▸ What to do: Directions for the data below: repeat exactly the lines from the one with "thôn Ngol | ||" through the one with "حالياً تحاول الامارات", both included, and omit all pictures.

▸ The data:
::::
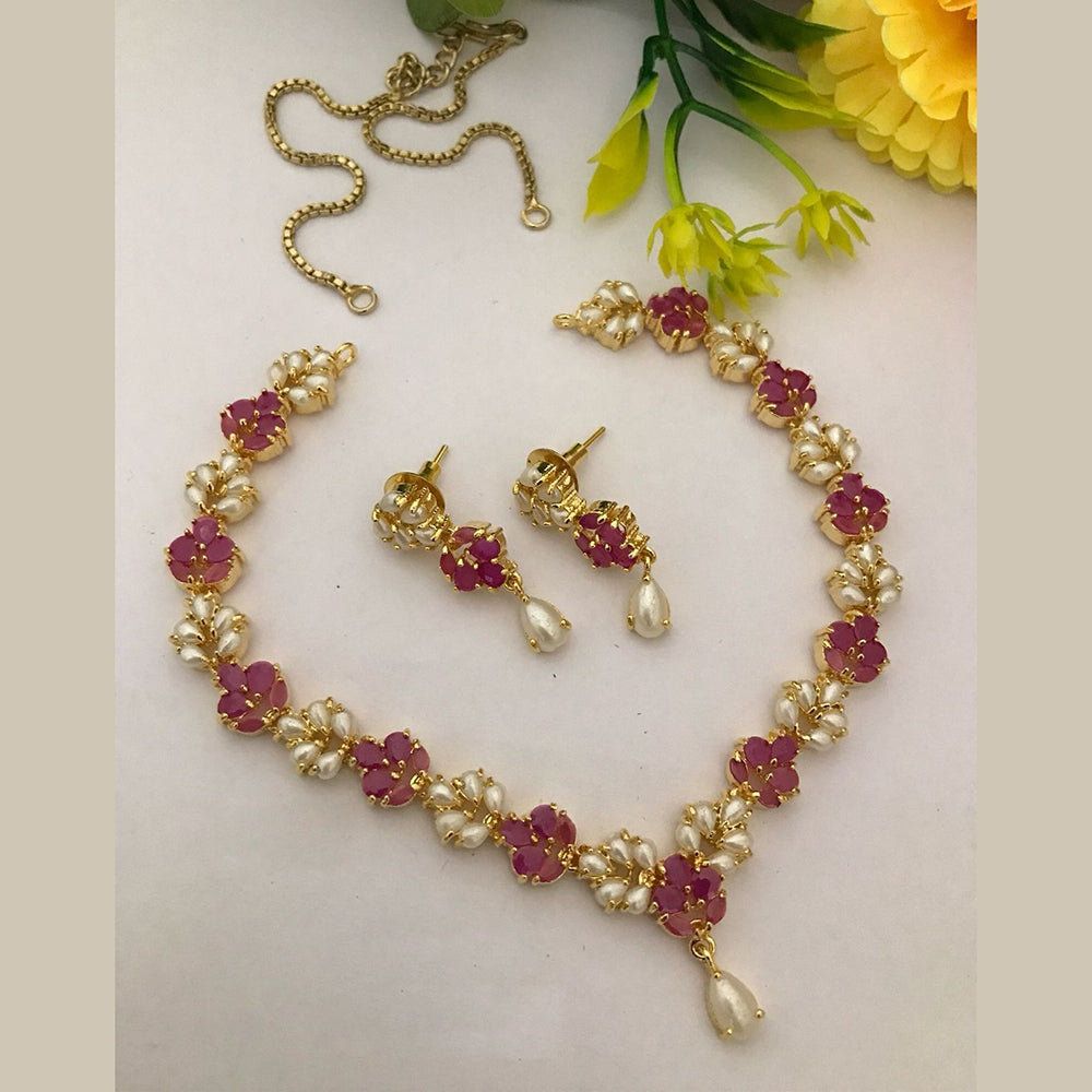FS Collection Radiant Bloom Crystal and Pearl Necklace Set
::::
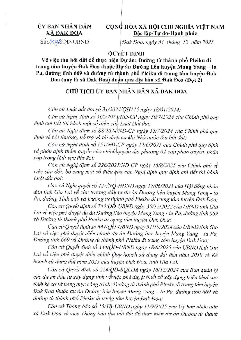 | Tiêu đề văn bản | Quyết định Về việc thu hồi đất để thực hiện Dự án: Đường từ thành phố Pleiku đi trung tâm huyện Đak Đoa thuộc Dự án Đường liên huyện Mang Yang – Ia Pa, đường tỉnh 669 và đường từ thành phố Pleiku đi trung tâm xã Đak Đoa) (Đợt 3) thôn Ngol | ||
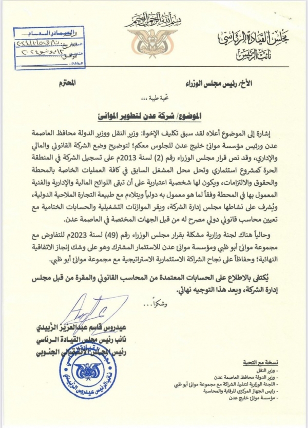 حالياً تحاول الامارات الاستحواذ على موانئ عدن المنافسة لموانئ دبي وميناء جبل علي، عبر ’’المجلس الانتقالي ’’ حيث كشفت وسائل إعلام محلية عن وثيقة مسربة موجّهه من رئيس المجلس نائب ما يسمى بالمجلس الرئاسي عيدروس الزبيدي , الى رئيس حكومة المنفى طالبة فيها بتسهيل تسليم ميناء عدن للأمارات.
::::
▸ Problem solution:
 | Tiêu đề văn bản | Quyết định Về việc thu hồi đất để thực hiện Dự án: Đường từ thành phố Pleiku đi trung tâm huyện Đak Đoa thuộc Dự án Đường liên huyện Mang Yang – Ia Pa, đường tỉnh 669 và đường từ thành phố Pleiku đi trung tâm xã Đak Đoa) (Đợt 3) thôn Ngol | ||
 حالياً تحاول الامارات الاستحواذ على موانئ عدن المنافسة لموانئ دبي وميناء جبل علي، عبر ’’المجلس الانتقالي ’’ حيث كشفت وسائل إعلام محلية عن وثيقة مسربة موجّهه من رئيس المجلس نائب ما يسمى بالمجلس الرئاسي عيدروس الزبيدي , الى رئيس حكومة المنفى طالبة فيها بتسهيل تسليم ميناء عدن للأمارات.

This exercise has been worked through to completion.